**Data segment**
·····

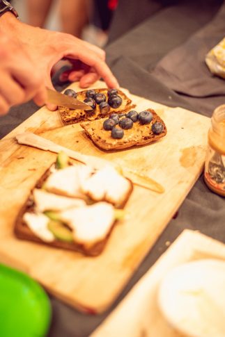 Певица Агнесе Раковска продемонстрировала, как приготовить блюдо на завтрак – такое, чтобы была сила для утра и немного даже для концерта вечером. Используя порционный хлеб с коноплей, яйца деревенских курочек свободного выгула, местные овощи и приправы. Радиоведущая и музыкант Марта Григале презентовала свою версию обеда в радио-студии: поджаренный овсяный Maiziņš со сливочным сыром и запеченным в духовке филе лосося с кусочками манго. Блогер Алина Келлер в свою очередь поделилась рецептом изысканного бутерброда, который можно взять с собой на работу, в школу или университет, в основе которого хлеб из греческого йогурта, креветки, авокадо, помидоры черри и сыр моцарелла.
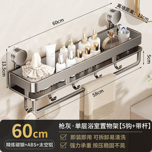 [吸盤-ガンアッシュ] 単層 60cm+フック5個+タオルバー1個
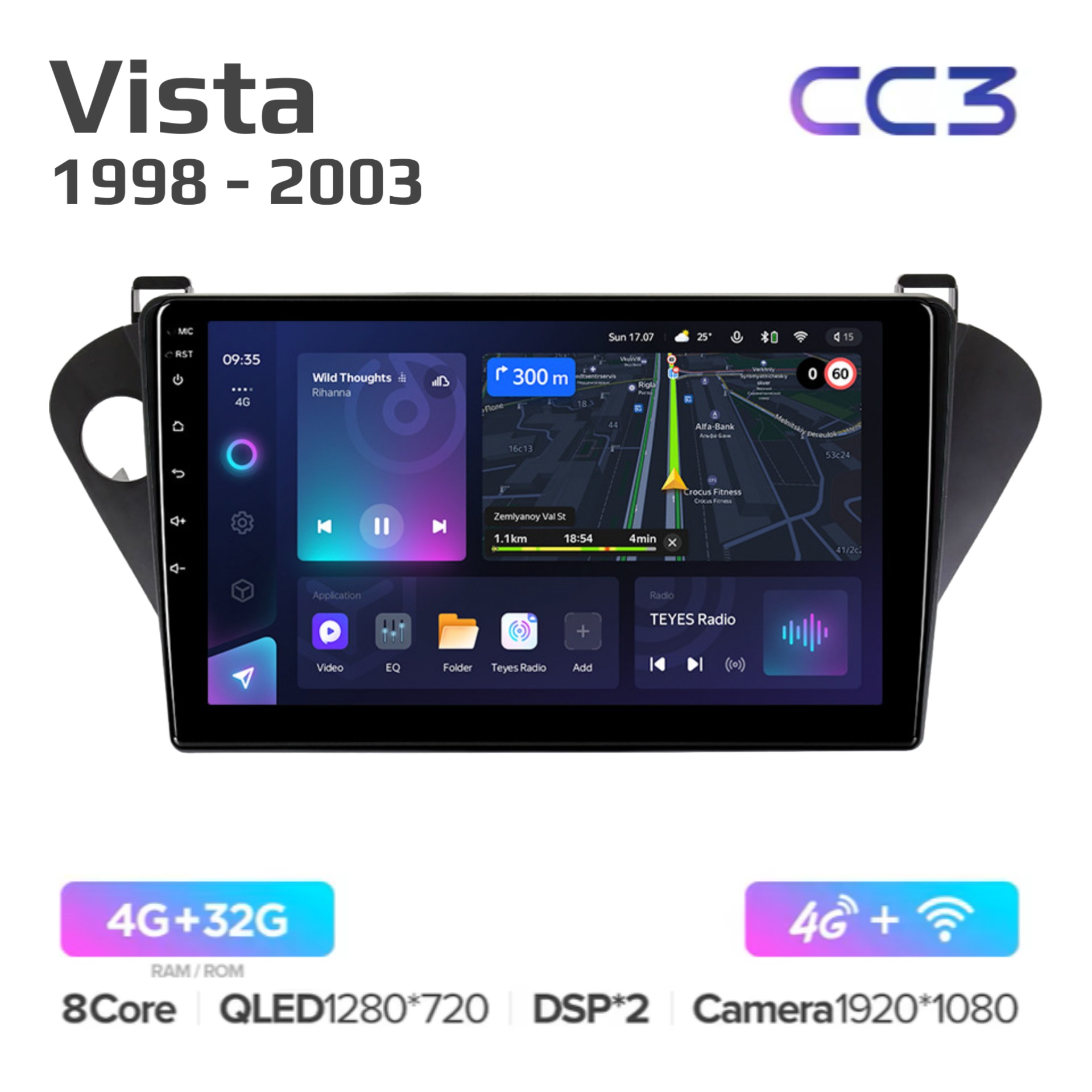 Teyes CC3 ОС Android Память 4/32, Wi-Fi, 4G, QLED экран. Звуковой процессор DSP. Процессор 8 ядер.

·····

Transcribe only the lines from the line holding "[吸盤-ガンアッシュ] 単層 60cm+フック5個+タオルバー1個" to the final line of the listing above. Keep them exact, include both ends, and skip the pictures.

 [吸盤-ガンアッシュ] 単層 60cm+フック5個+タオルバー1個
 Teyes CC3 ОС Android Память 4/32, Wi-Fi, 4G, QLED экран. Звуковой процессор DSP. Процессор 8 ядер.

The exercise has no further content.